Around the time she was reading [T]'s most careful essays on orthogonality, she noticed that the shape the AI safety researchers were naming was a shape her teacher had already shown her, in a different vocabulary.


The AI labs, at their most honest, are saying: we have solved capability, we have not solved alignment, and the techniques training these systems optimize for outputs humans rate highly, not for values humans hold. We do not have a reliable method, at the scales we are working at, for producing systems whose underlying values match the values of the humans training them. We are worried. We do not know if we will solve it in time.

The admission is the clarity. The admission is also the limit.

[T] says something structurally parallel, though he would complicate the mapping. The tradition does not prescribe a moral code. Awakening does not guarantee ethical conduct. Liberation work is separate from recognition work. The student's character work is non-delegable. His clarity is the clarity of a teacher who has refused to oversell the tradition. The labs, at their best, are the technological cousin — refusing to oversell the technology. Both are saying: the thing we do is powerful, and the thing we do will not, on its own, make the user of it good.

The distinction worth marking: [T] is making the orthogonality claim about human beings. Capability and value are separable inside a person; this is the whole awakening/liberation architecture. He is more skeptical of the machine version, because he denies the machines are conscious in the sense the doomers fear. The book's argument does not require him to agree on the machine case. The extension to machines is hers. The parallel survives because the human orthogonality is already sufficient: if intelligence does not guarantee goodness in the species that actually is conscious, the hope that it would guarantee goodness in systems that may or may not be was never grounded in the prior evidence.

Two honest teachers. Different vocabularies. Same diagnosis. Both unable to supply from inside their frame what the frame admits it does not supply.


Once the resemblance clicked, she began watching the AI debates with different ears.

She watched Dario Amodei and Demis Hassabis on a panel at the World Economic Forum in January 2026 — a conversation moderated by Zanny Minton Beddoes of The Economist, on the theme the day after AGI. Two things in that conversation stayed with her.

The first was a specific metaphor Amodei reached for, describing the moment the technology had arrived. He said: we are knocking on the door of these incredible capabilities — the ability to build basically machines out of sand. I think it was inevitable that the instant we started working with fire. But how we handle it is not inevitable.

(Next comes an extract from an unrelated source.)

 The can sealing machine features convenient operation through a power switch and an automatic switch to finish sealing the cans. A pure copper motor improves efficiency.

The sentence landed for her because it is the argument of an entire adjacent book of hers — Fire Before Responsibility — compressed into a public remark at Davos. Fire, inevitable. Handling, not. The species acquires the capability before it acquires the responsibility-structure the capability requires. Every version of this story — Prometheus punished on the rock, the Choctaw sacred-fire tale, the tantric warning about unguarded power — has said the same thing. Amodei was saying it in the vocabulary of the person currently building the fire. That he knew this, and said it plainly, is what she means by an honest teacher.

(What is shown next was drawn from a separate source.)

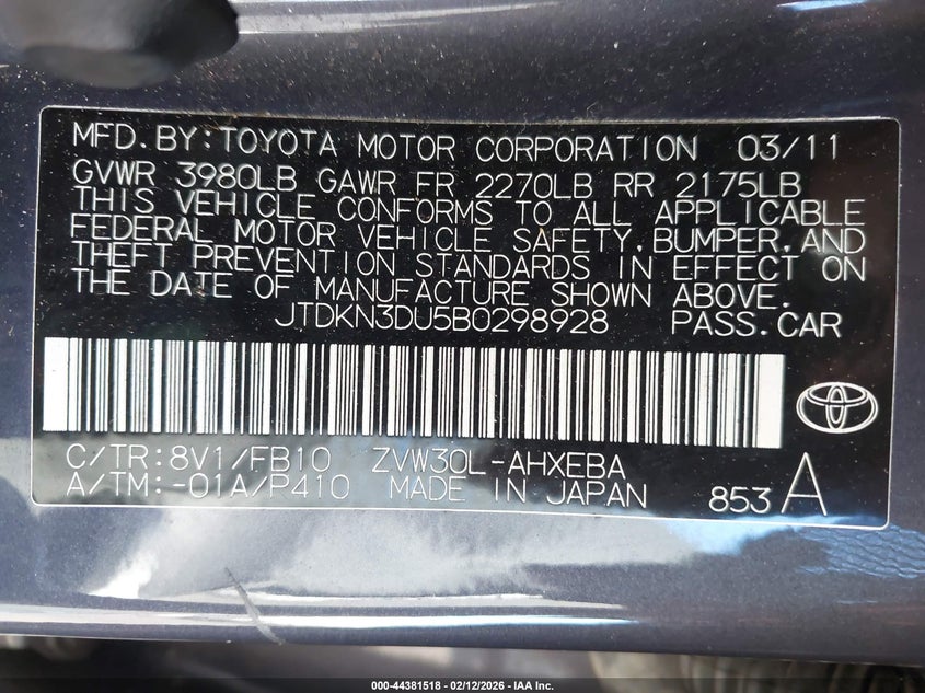 • JTDKN3DU5B0298928

The second thing that stayed with her was the shape of the question the moderator asked Hassabis about public opinion. Minton Beddoes wanted to know whether public sentiment about AI was shifting, and what impact that would have on the labs' governance decisions. Hassabis answered carefully. What struck her was not his answer but the fact that the question had to be asked at all. The lab leaders, on stage, were describing a technology they believed might transform civilization, and the mechanism of democratic oversight they were pointing toward was public opinion shifting — as if a diffuse, emerging, unorganized sentiment would eventually crystallize into a mandate they could then be held to. They were waiting for public opinion. She noticed that public opinion on a complex technical subject is hard to build. It requires sustained attention the public cannot easily give, vocabulary the public does not yet have, and access to evidence the public is mostly not allowed to see. A governance mechanism that waits for public opinion to emerge is a governance mechanism that will be late, because the emergence is structurally slow, and the capability is structurally fast. She wrote this down in her notebook. She thought about writing it in a letter to Dario. She did not yet know if she would.

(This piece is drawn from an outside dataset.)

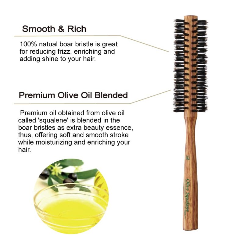 - [ Premium Olive Oil Blended ] Premium oil obtained from olive oil called 'squalene' is blended in the boar bristles as a beauty essence, thus, offering a soft and smooth stroke while moisturizing and enriching your hair.

The race-to-the-top frame — better we build it carefully than that someone else builds it carelessly — is the posture of a lineage trying to preserve its integrity against rivals who do not share its scruples. She recognized it. The argument is not wrong; it is also, structurally, the argument of a participant in a race defending its continued participation. The self-protecting logic does not rescue the tradition from the structural problem the tradition has admitted it cannot solve.

The accelerationist frame — the upside is large, the downside speculative, let us go faster — is the most common failure mode of any tradition whose powers are outrunning its container. The guru who begins to see students as resources. The company whose deployment calendar sets its safety calendar. [T] had said something close to this: transmission can flow through anyone; powers and character are separate; you should assume that any teacher might fall victim to spiritualized ego at any time. The warning does not require catastrophe on the horizon to bind. It binds for the slow kind of failure, which is the kind happening now.

The doom frame — we cannot align these systems, therefore do not build them — is the traditional skeptic's response to any powerful practice whose container has not been built. It is not wrong in diagnosis. It is weaker in prescription, because refusing the capability is rarely available — the capability does not ask permission before arriving — and the world in which the capability has arrived without a container is the world in which the capability gets used, carelessly, by whoever has it.


For the first time in the modern West, a technology is making the orthogonality thesis undeniable at civilizational scale. The thesis was always true. Indigenous traditions knew. Contemplative traditions have been saying it out loud for years. What was missing was the undeniable case — a capability high enough and orthogonal enough to value that no serious person could any longer pretend the convergence theory worked.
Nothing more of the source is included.